Page:Verne - Robur le conquérant, Hetzel, 1904.djvu/10

La bibliothèque libre.
Cette page a été validée par deux contributeurs.

La province fut un peu plus affirmative. Peut-être dans la nuit du 6 au 7 mai avait-il paru une lueur d’origine électrique, dont la durée n’avait pas dépassé vingt secondes. Au Pic-du-Midi, cette lueur s’était montrée entre neuf et dix heures du soir. À l’observatoire météorologique du Puy-de-Dôme, on l’avait saisie entre une heure et deux heures du matin ; au Mont Ventoux, en Provence, entre deux et trois heures ; à Nice, entre trois et quatre heures ; enfin, au Semnoz-Alpes, entre Annecy, le Bourget et le Léman, au moment où l’aube blanchissait le zénith.

Évidemment, il n’y avait pas à rejeter ces observations en bloc. Nul doute que la lueur eût été observée en divers postes ― successivement ― dans le laps de quelques heures. Donc, ou elle était produite par plusieurs foyers, courant à travers l’atmosphère terrestre, ou, si elle n’était due qu’à un foyer unique, c’est que ce foyer pouvait se mouvoir avec une vitesse qui devait atteindre bien près de deux cents kilomètres à l’heure.

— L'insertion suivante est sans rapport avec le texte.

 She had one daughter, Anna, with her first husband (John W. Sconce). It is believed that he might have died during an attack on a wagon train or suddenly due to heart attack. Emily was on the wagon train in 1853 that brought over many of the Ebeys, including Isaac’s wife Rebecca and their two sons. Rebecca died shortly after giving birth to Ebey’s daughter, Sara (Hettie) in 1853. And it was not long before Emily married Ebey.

Mais, pendant le jour, avait-on jamais vu quelque chose d’anormal dans l’air ?

Jamais.

La trompette, du moins, s’était-elle fait entendre à travers les couches aériennes ?

Pas le moindre appel de trompette n’avait retenti entre le lever et le coucher du soleil.

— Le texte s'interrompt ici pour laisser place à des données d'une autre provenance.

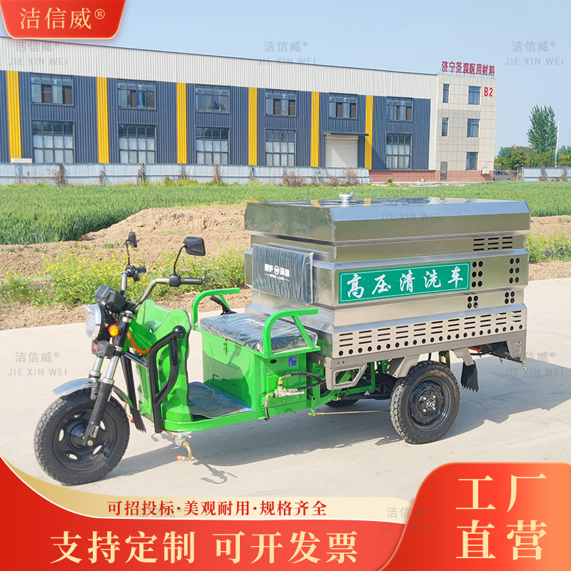 Mobil pembersih elektrik tekanan tinggi, mobil cuci, perlindungan lingkungan, sanitasi, kota, sprinkler tiga roda elektrik, Pembersih tekanan tinggi Stainless steel

Dans le Royaume-Uni, on fut très perplexe. Les observatoires ne purent se mettre d’accord. Greenwich ne parvint pas à s’entendre avec Oxford, bien que tous deux soutinssent « qu’il n’y avait rien. »

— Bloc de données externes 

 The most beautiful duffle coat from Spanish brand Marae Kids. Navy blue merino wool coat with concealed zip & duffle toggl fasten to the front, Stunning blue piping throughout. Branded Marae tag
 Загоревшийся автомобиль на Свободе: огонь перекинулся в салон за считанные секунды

« Illusion d’optique ! disait l’un.

― Illusion d’acoustique ! » répondait l’autre.

Et là-dessus, ils disputèrent. En tout cas, illusion.

À l’observatoire de Berlin, à celui de Vienne, la discussion menaça d’amener des complications internationales. Mais la Russie, en la personne du directeur de son observatoire de Poulkowa, leur prouva qu’ils avaient raison tous deux ; cela dépendait du point de vue auquel ils se mettaient pour déterminer la nature du phénomène, en théorie impossible, possible en pratique.